Erst heute bin ich auf einen interessanten Artikel von Ulrike Herrmann, Wirtschaftsredakteurin der taz, in der April-Ausgabe von Le Monde diplomatique gestoßen: „Über das Ende des Kapitalismus[2]“. Schon mit dem Einstieg macht sie deutlich, in welchem derzeit unauflösbaren Dilemma wir feststecken.
Der Kapitalismus ist zum Untergang verdammt. Er benötigt Wachstum, aber in einer endlichen Welt kann es unendliches Wachstum nicht geben. Viele Kapitalismuskritiker frohlocken, sobald sie diese Prognose hören, doch darf man sich das Ende nicht friedlich vorstellen. Der Kapitalismus wird chaotisch und brutal zusammenbrechen – nach allem, was man bisher weiß.
Die Energieeinsparungen der letzten Jahrzehnte haben sich aufgrund des „Rebound Effect“ in der Summe nicht positiv ausgewirkt, unser Energieverbrauch ist durch mehr Konsum gestiegen.
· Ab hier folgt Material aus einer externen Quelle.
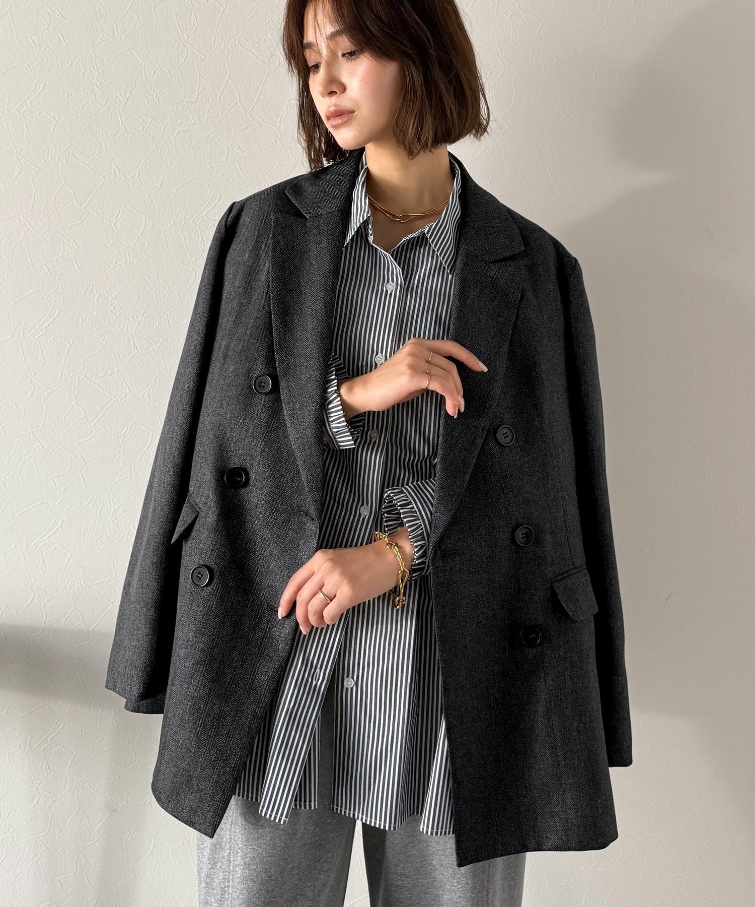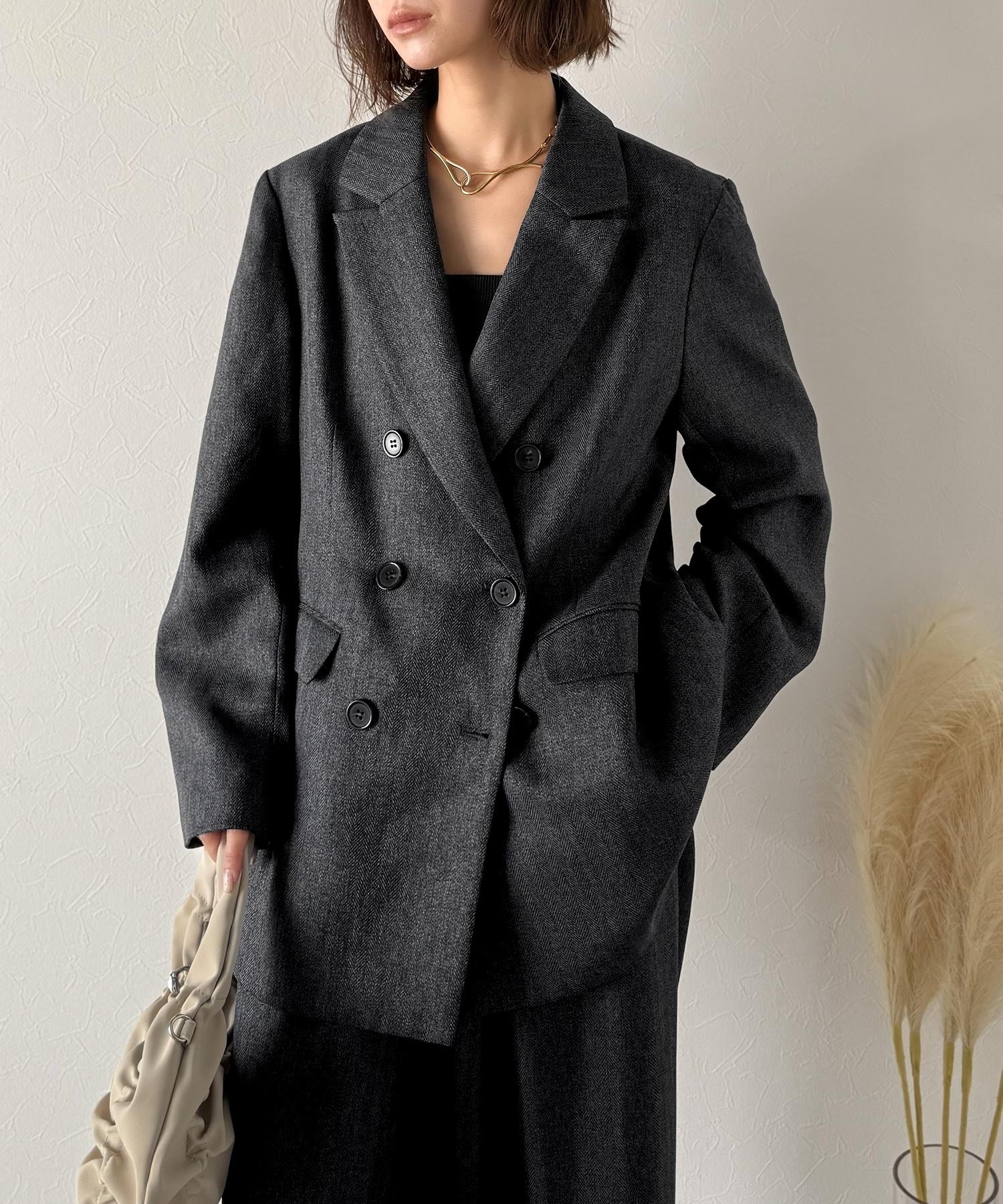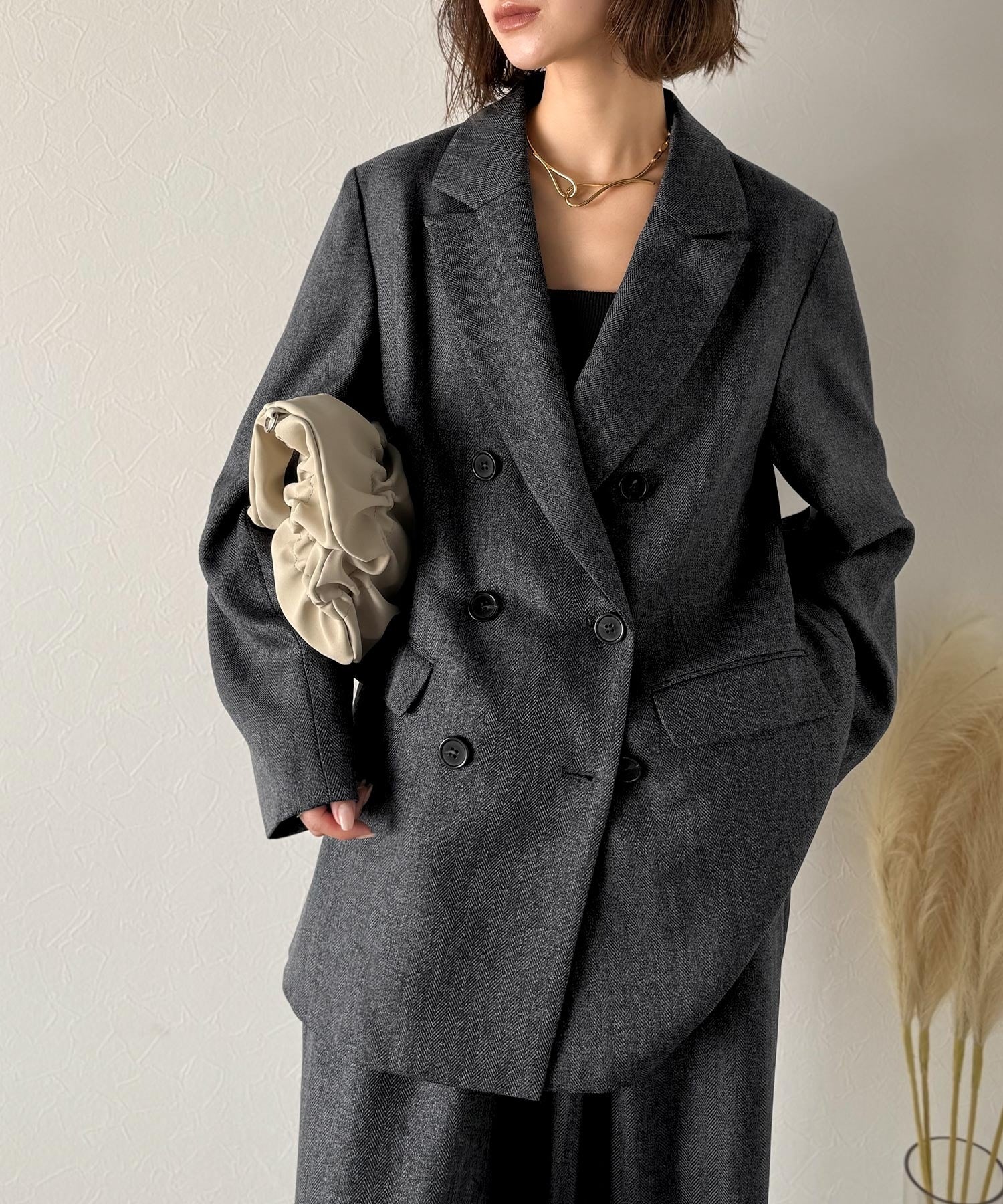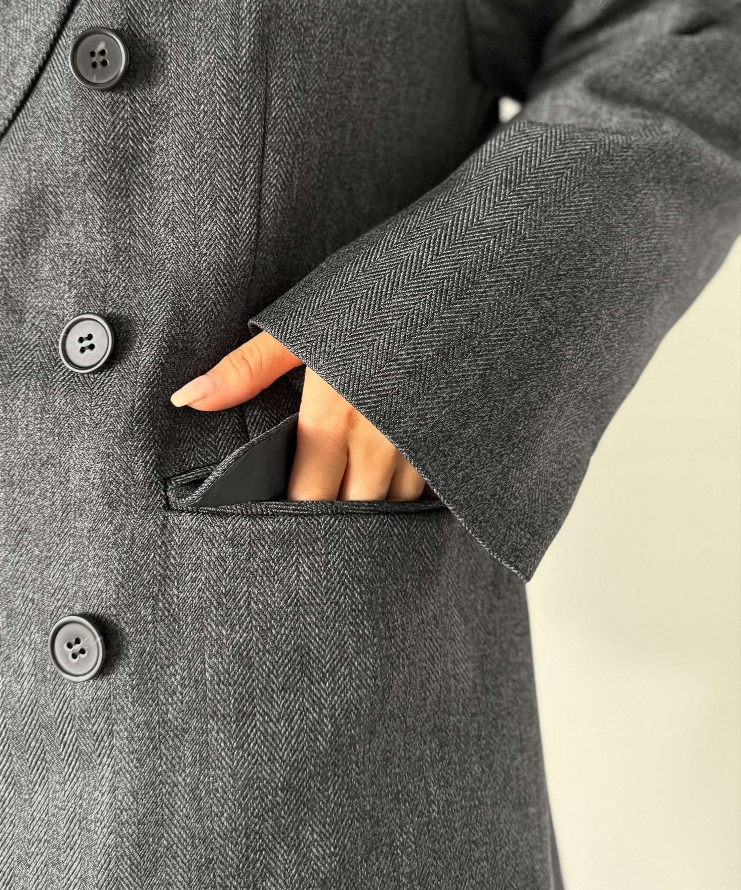 シックなヘリンボーン素材を活かした、3段ボタンダブルジャケット。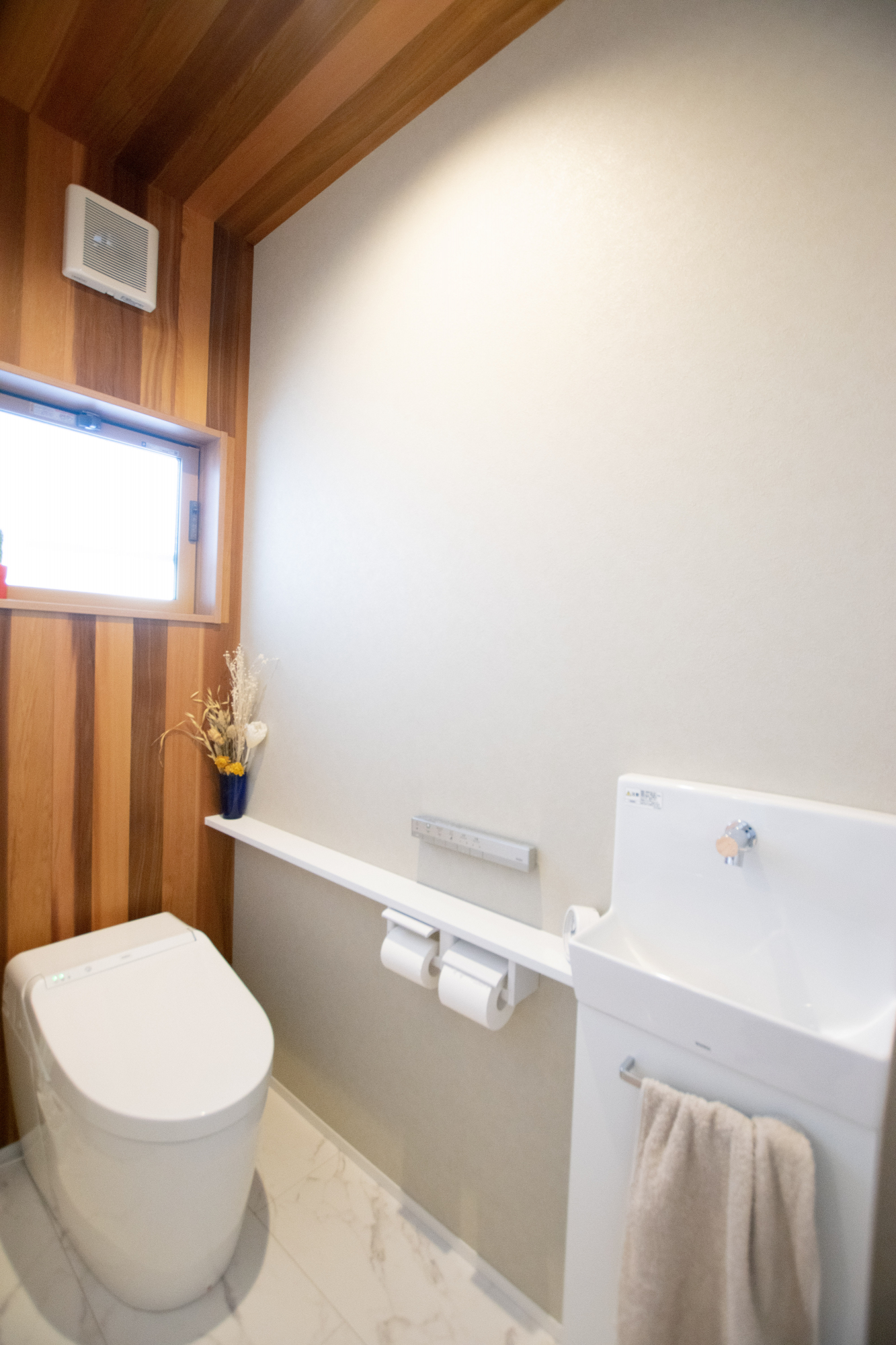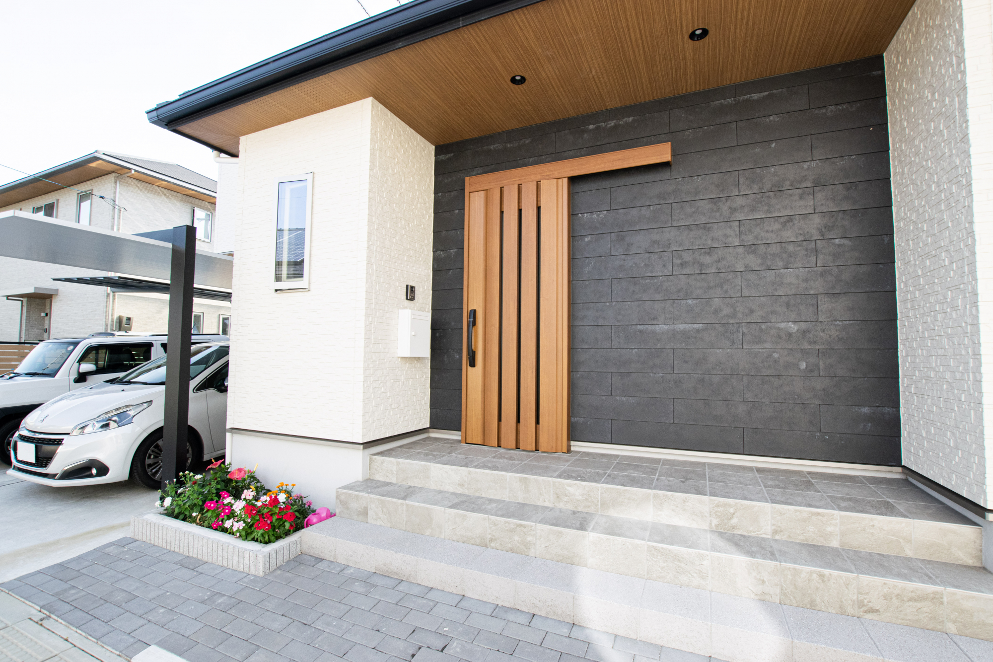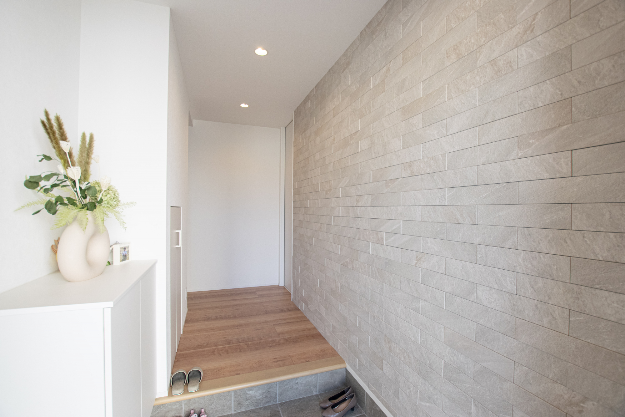 リビングを広く感じさせる工夫としてすべてのドアをハイドアにしたり、横並びで使える広い洗面室など、デザインと暮らしやすさを両立させる工夫をし、おうち全体の雰囲気から動線、収納量や設備など細部までこだわっています。また、質感や素材にこだわりを持ち、キッチンの下がり天井やトイレにクロスではなく本物の木を取り入れたり、玄関ポーチや玄関ホールにこだわり素材のタイルを使用したりとシンプルなだけではない上質な雰囲気を叶えました。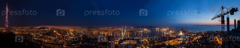 Владивосток, Россия. Вечерняя панорама города. Подготовка к саммиту АТЭС. Завершающая фаза строительства моста через бухту Золотой рог. 29 мая 2012 года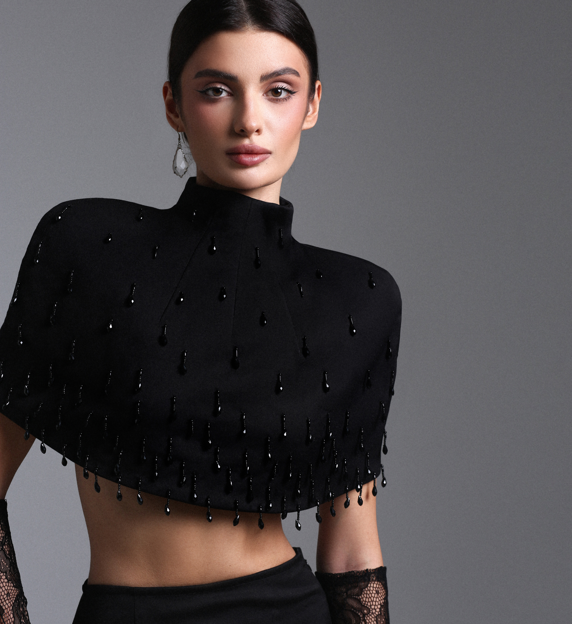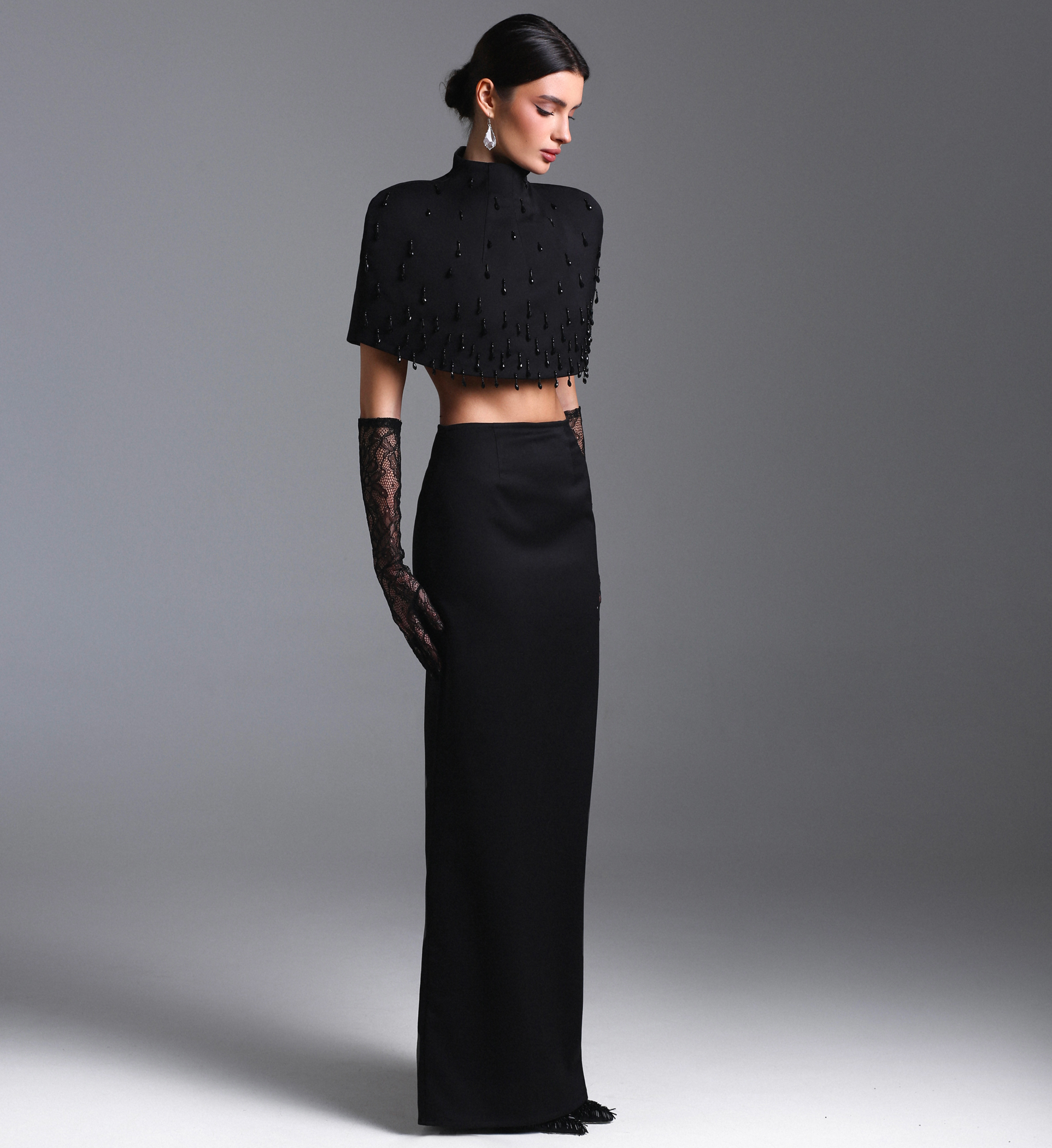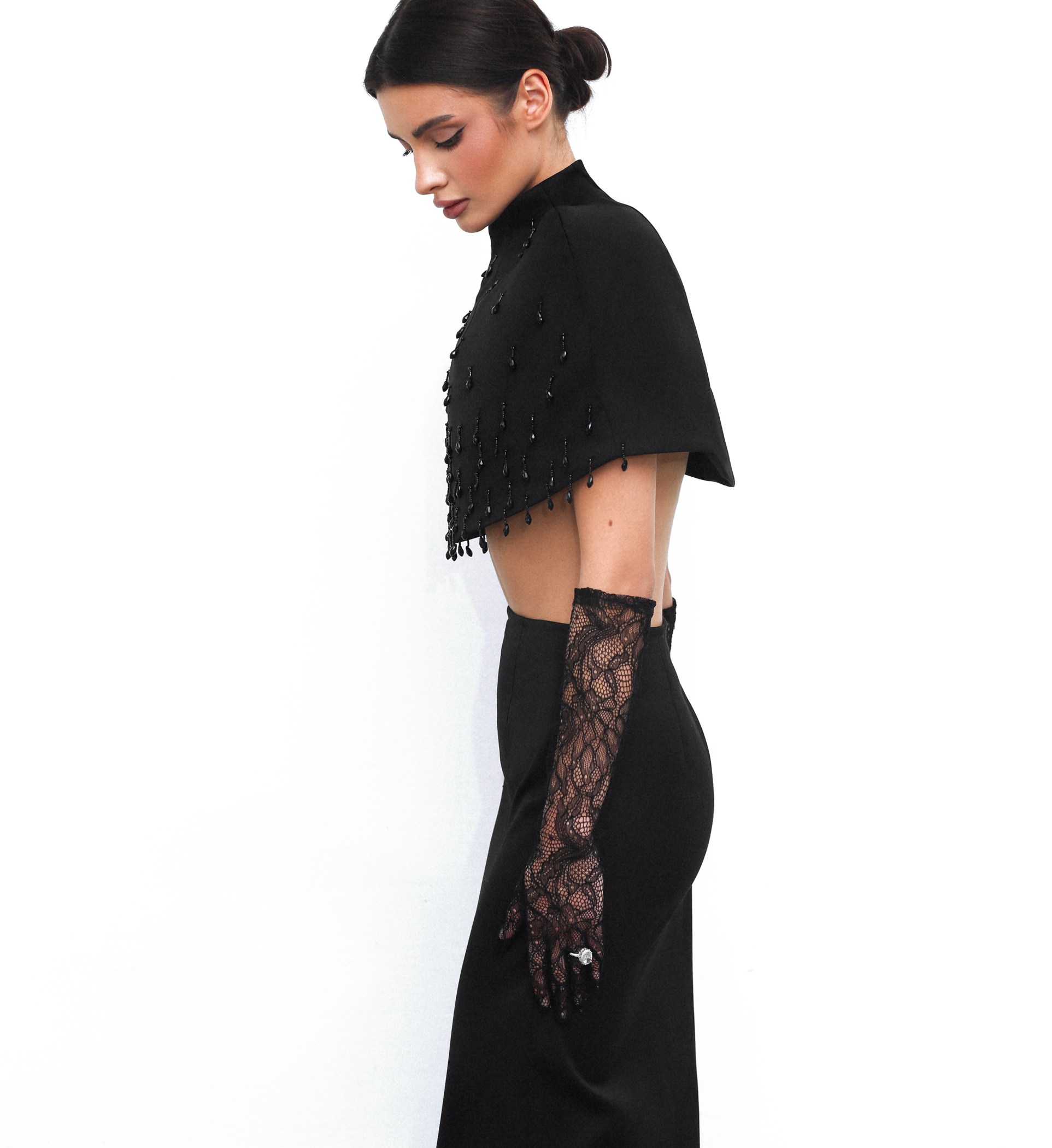 Cape in black suit fabric with hand-embroidered crystal beads and glass.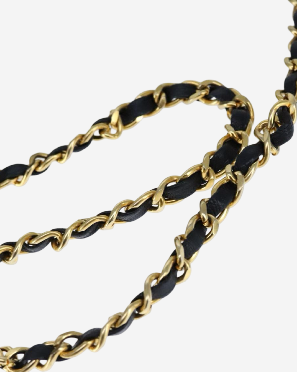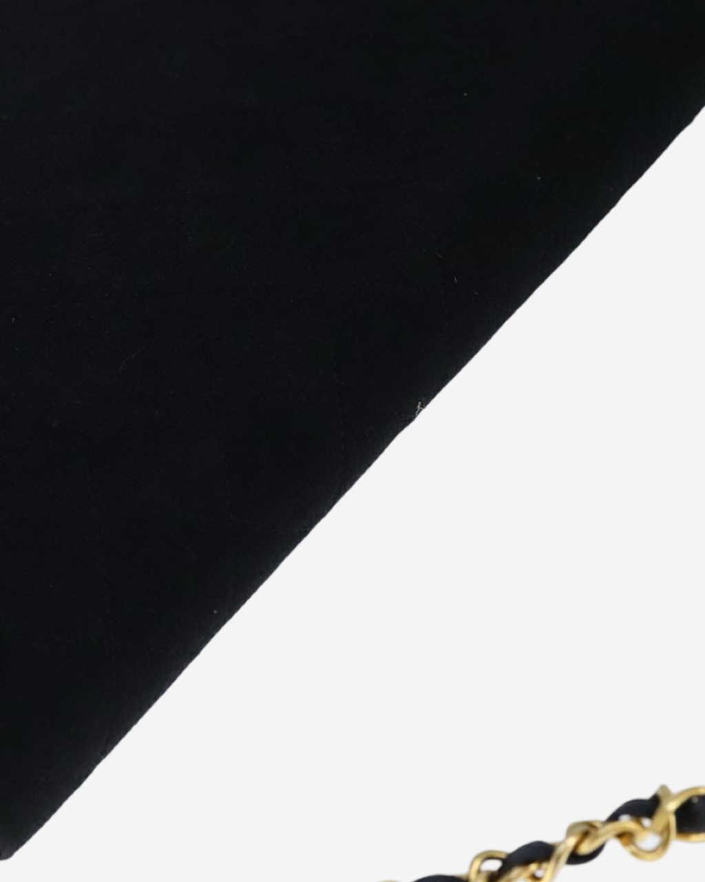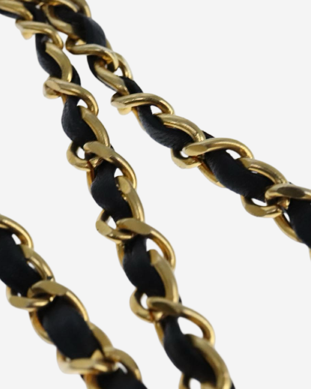 • Descripción: Bolsa de hombro en algodón negro, broche CC en baño de oro de 24k, interior en color vino, hardware color dorado

Herrmann beschreibt, warum uns all die vielen guten und sinnvollen Ansätze wie nachhaltiges Wachstum, wie Grundeinkommen, wie Gemeinwohlökonomie nicht aus der Wachstumsfalle befreien. Viele Ideen setzen beim individuellen Handeln, auf regionaler und lokaler Ebene an. Was fehlt, ist ein volkswirtschaftlich vernünftiger Ansatz.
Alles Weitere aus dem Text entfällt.